(Stored records)
-- Opening Marker --

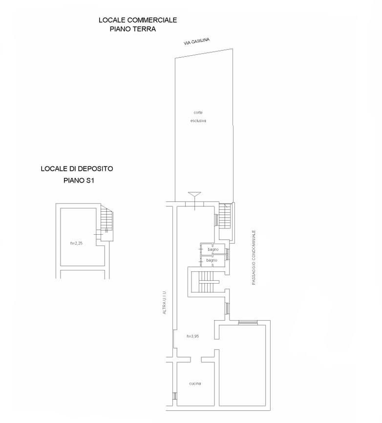La composizione interna include un ampio spazio per il negozio, un retro negozio funzionale, una cucina e due bagni, rendendolo ideale per diverse attività commerciali. Inoltre, la corte esclusiva antistante offre uno spazio aggiuntivo perfetto per accogliere i clienti o per eventi all'aperto.
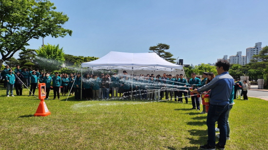 훈련 이후에는 소화전과 소화기 사용 방법 전반에 대한 실무교육을 실시해 자위소방대와 전 직원의 안전 의식을 높이고 실전에 대비할 수 있는 능력을 향상시켰다.
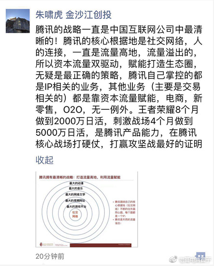 关于腾讯的梦想,金沙江创投董事总经理朱啸虎也在朋友圈评论此事。他表示,腾讯的战略一直是中国互联网公司中最清晰的。腾讯的核心根据地是社交网络,所以资本流量双驱动,赋能打造生态圈,无疑是最正确的策略。
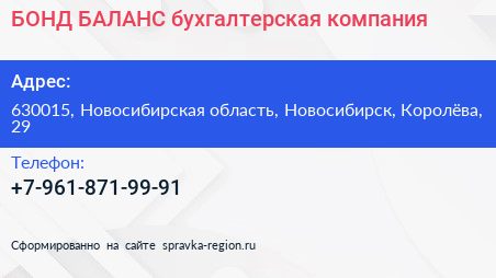 БОНД БАЛАНС, бухгалтерская компания по адресу 630015, Новосибирская область, Новосибирск, Королёва, 29 в дальнейшем Организация, размещена в следующих категориях:
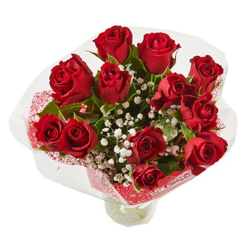 Bouquet de 12 roses rouges et 1 gypsophile
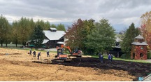 ファーム富田のほぼ中央に位置し、濃紫早咲、おかむらさき、ようてい、はなもいわのファーム富田で栽培されているラベンダーが揃った畑です。花色の異なる4種類のラベンダーが紫色のグラデーションを作り出します。
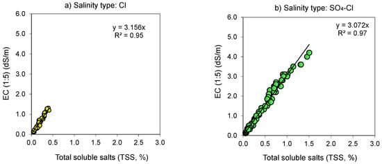 The EC of neutral (pH < 8.5) salinity types varied widely between 0.12 and 5.6 dS m−1 except for the Cl salinity type (Figure 2), yet it varied to a lesser extent, between 0.11 and 1.2 dS m−1, in the alkaline (pH > 8.5) salinity types (Figure 3). The fitted line presents the proportional relation (EC = a × TSS) between the two attributes, with a being the proportionality coefficient (Figure 2 and Figure 3). Because intersects of relationships were negligible, we opted to use the proportional type relation as it is easy to explore. Due to soil salinization–desalinization environmental processes, there were not enough available samples (e.g., locations) or just a limited number of samples exhibiting strongly saline (EC (1:5) = 1–2 dS m−1) and extremely saline (EC (1:5) > 2 dS m−1) levels from (i) neutral soils with easily washed Cl salinity type (Figure 2) and (ii) alkaline soils having SO4(Cl)–HCO3 and HCO3–SO4(Cl) type of salinity (Figure 3).
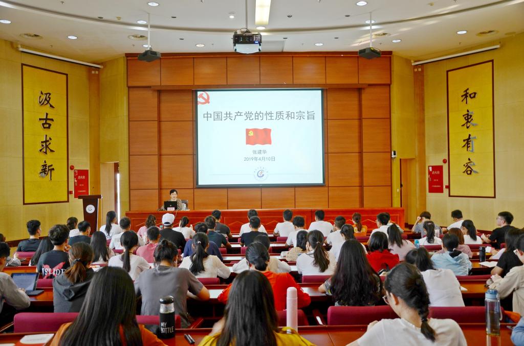 4月10日下午,学校党委书记张建华在大学城校区学术报告厅为学校党员发展对象培训班的学员们讲授了题为《中国共产党的性质和宗旨》的党课。张建华从中国共产党的诞生、党章对党的性质规定的历史过程、不同时期优秀共产党员的先进事迹等方面,生动、深刻的阐述了中国共产党的性质和宗旨。

-- Closing Marker --

Every entry above is to be repeated word for word, with all pictures omitted.

> [Written reply]:
La composizione interna include un ampio spazio per il negozio, un retro negozio funzionale, una cucina e due bagni, rendendolo ideale per diverse attività commerciali. Inoltre, la corte esclusiva antistante offre uno spazio aggiuntivo perfetto per accogliere i clienti o per eventi all'aperto.
 훈련 이후에는 소화전과 소화기 사용 방법 전반에 대한 실무교육을 실시해 자위소방대와 전 직원의 안전 의식을 높이고 실전에 대비할 수 있는 능력을 향상시켰다.
 关于腾讯的梦想,金沙江创投董事总经理朱啸虎也在朋友圈评论此事。他表示,腾讯的战略一直是中国互联网公司中最清晰的。腾讯的核心根据地是社交网络,所以资本流量双驱动,赋能打造生态圈,无疑是最正确的策略。
 БОНД БАЛАНС, бухгалтерская компания по адресу 630015, Новосибирская область, Новосибирск, Королёва, 29 в дальнейшем Организация, размещена в следующих категориях:
 Bouquet de 12 roses rouges et 1 gypsophile
 ファーム富田のほぼ中央に位置し、濃紫早咲、おかむらさき、ようてい、はなもいわのファーム富田で栽培されているラベンダーが揃った畑です。花色の異なる4種類のラベンダーが紫色のグラデーションを作り出します。
 The EC of neutral (pH < 8.5) salinity types varied widely between 0.12 and 5.6 dS m−1 except for the Cl salinity type (Figure 2), yet it varied to a lesser extent, between 0.11 and 1.2 dS m−1, in the alkaline (pH > 8.5) salinity types (Figure 3). The fitted line presents the proportional relation (EC = a × TSS) between the two attributes, with a being the proportionality coefficient (Figure 2 and Figure 3). Because intersects of relationships were negligible, we opted to use the proportional type relation as it is easy to explore. Due to soil salinization–desalinization environmental processes, there were not enough available samples (e.g., locations) or just a limited number of samples exhibiting strongly saline (EC (1:5) = 1–2 dS m−1) and extremely saline (EC (1:5) > 2 dS m−1) levels from (i) neutral soils with easily washed Cl salinity type (Figure 2) and (ii) alkaline soils having SO4(Cl)–HCO3 and HCO3–SO4(Cl) type of salinity (Figure 3).
 4月10日下午,学校党委书记张建华在大学城校区学术报告厅为学校党员发展对象培训班的学员们讲授了题为《中国共产党的性质和宗旨》的党课。张建华从中国共产党的诞生、党章对党的性质规定的历史过程、不同时期优秀共产党员的先进事迹等方面,生动、深刻的阐述了中国共产党的性质和宗旨。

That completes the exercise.